The database management software that I'm using stores dates in a Date/Time
format, which is eight bytes.
Stata is able to load the date portion of the value via -odbc load- from the
database without any difficulty (automatically displaying the value in the
%td format). And Stata even loads the values as a type -double-
(eight-byte) datatype.
But Stata (or the ODBC driver) truncates (sets-to-zero) the four bytes
containing the information about the time portion of the Date/Time value, so
the date is kept but the time is lost during retrieval from the database.
Is there a workaround for this?
For example, can I instruct Stata to retrieve the values as type -double-,
disregarding the datatype (display type) specified by the database?

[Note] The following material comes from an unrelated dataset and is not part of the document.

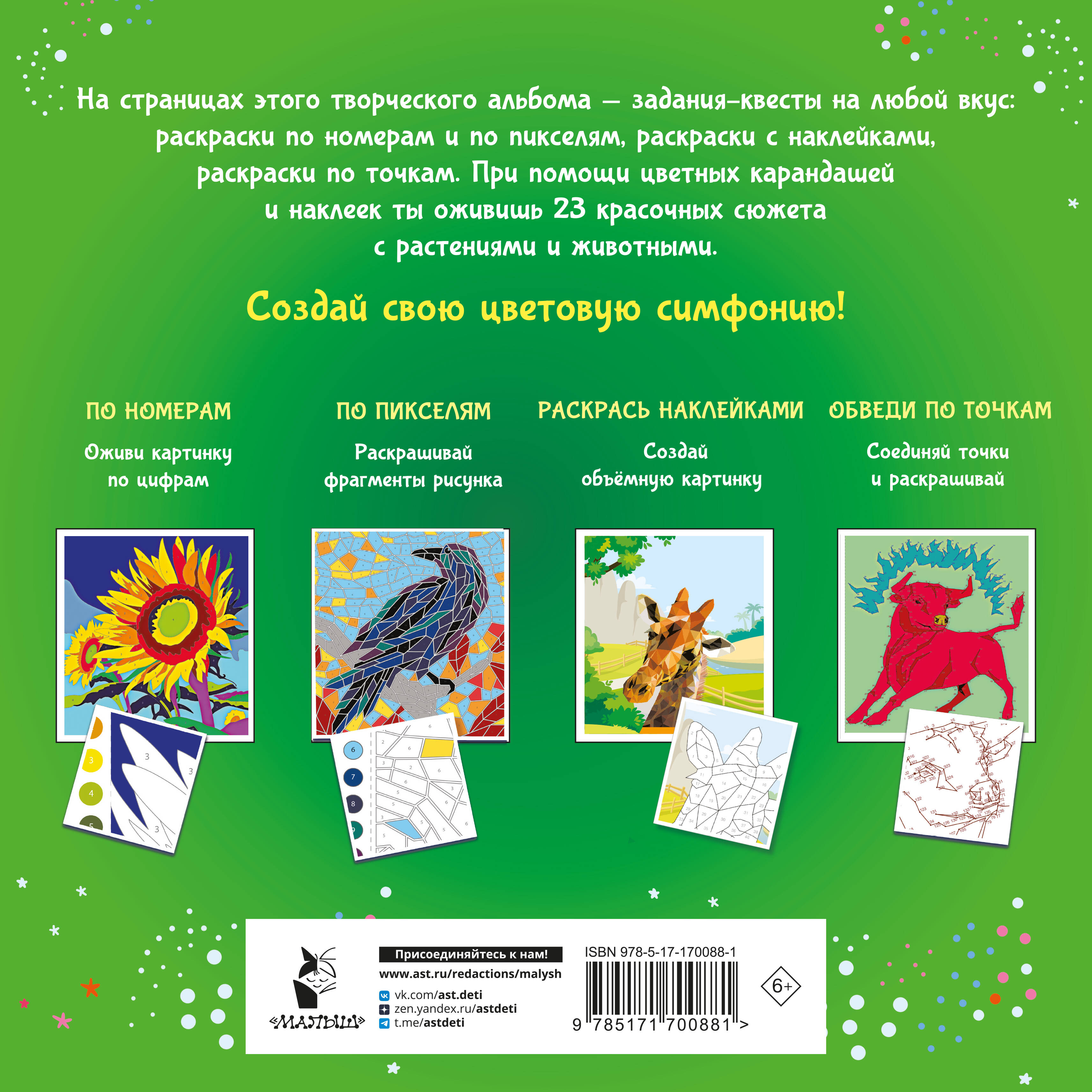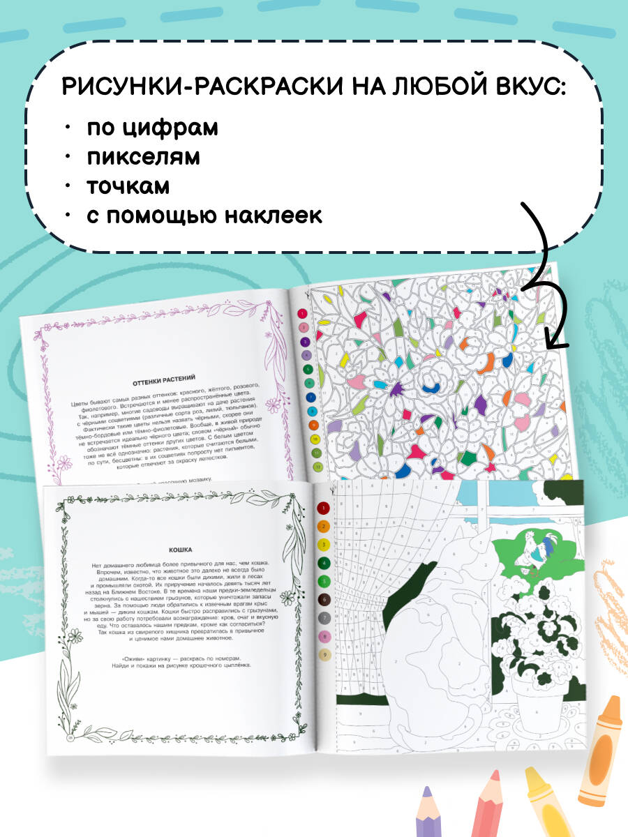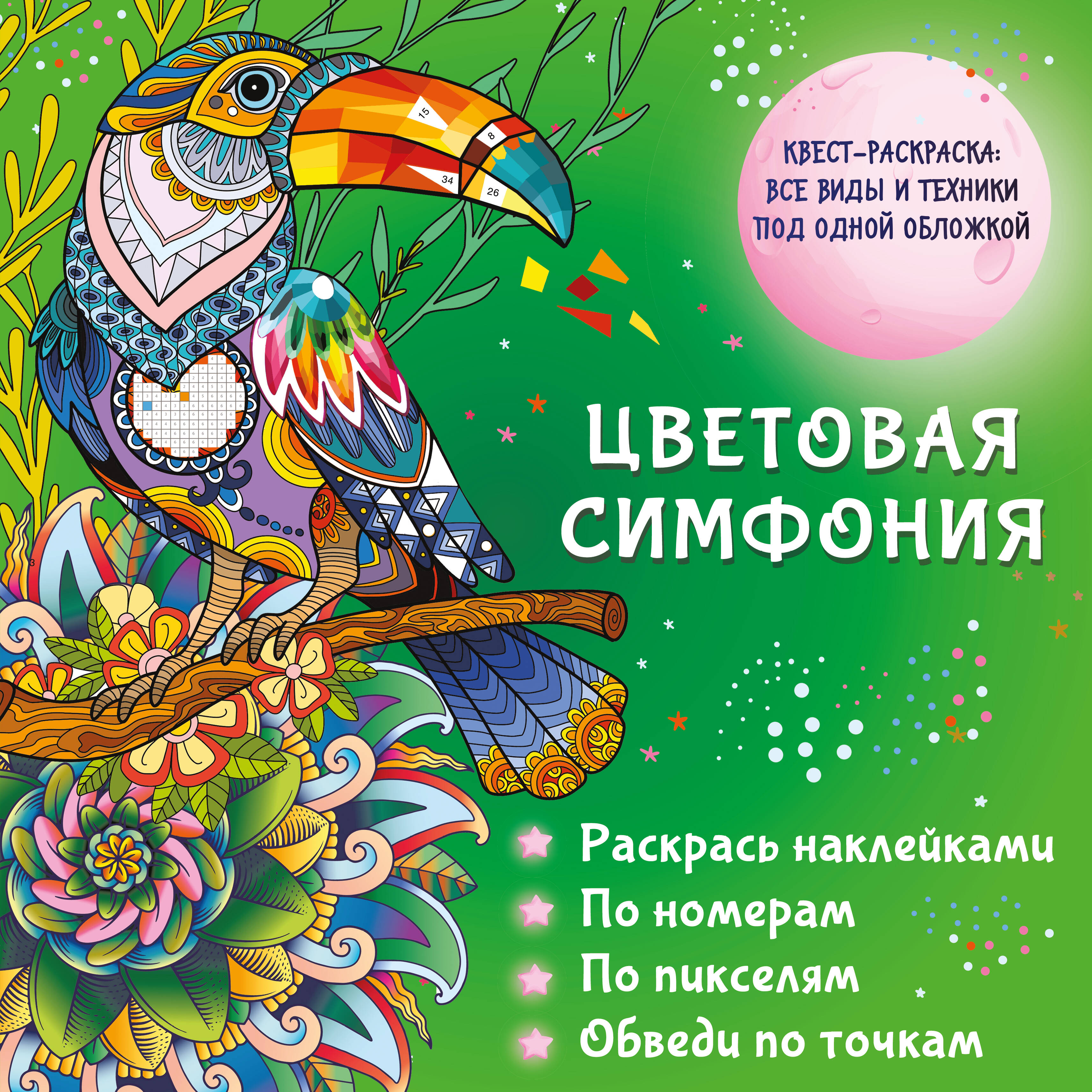 Цветовая симфония. Раскрась наклейками, по номерам, по пикселям, обведи по точкам

If so,
then once I get the complete eight-byte value into Stata as a type -double-
variable, I can easily do the arithmetic inside Stata to partition date and
time, and place the two four-byte pieces into separate type -long- integer
variables in order to retain all of the information.

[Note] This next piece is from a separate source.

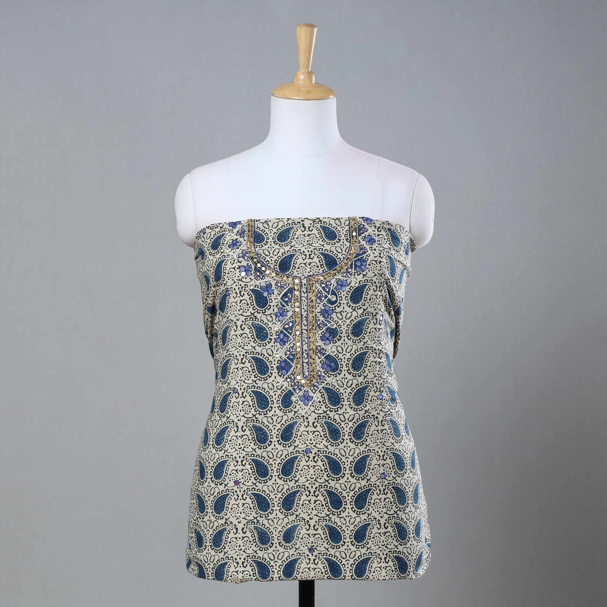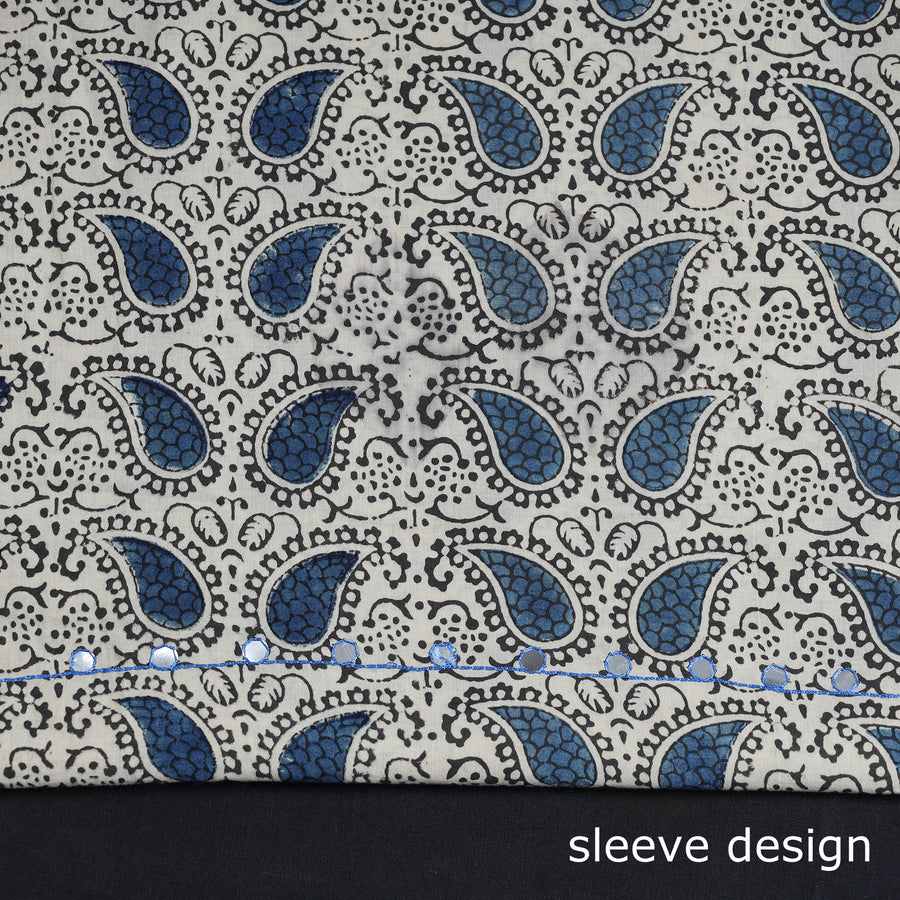 Fine quality bead work, hand embroidery, kalamkari block printed, cotton kurta material made using natural dyes through the traditional process of hand block printed practised by the master artisans. Showcasing an assortment of hand block printed motifs inspired by traditional kalamkari painted. Kalamkari is the earliest and more complex techniques of block-printed.

Or would I need to do the work up-front inside the database, for example,
sending SQL statements via -odbc- to the database management system to
create a new column (in a query or view) and do the arithmetic there, if
it's possible, to copy the four bytes containing the time portion of the
Date/Time value into the new column and then pulling that into Stata via
ODBC?
If it matters, the database management system that I'm using at the moment
for training and exploratory purposes is Microsoft Access 2000, but if there
is a more general answer to Date/Time transfers via ODBC, that would be
helpful. I would assume that this issue would come up also with some
within-trading-day time-series databases used in finance and investment.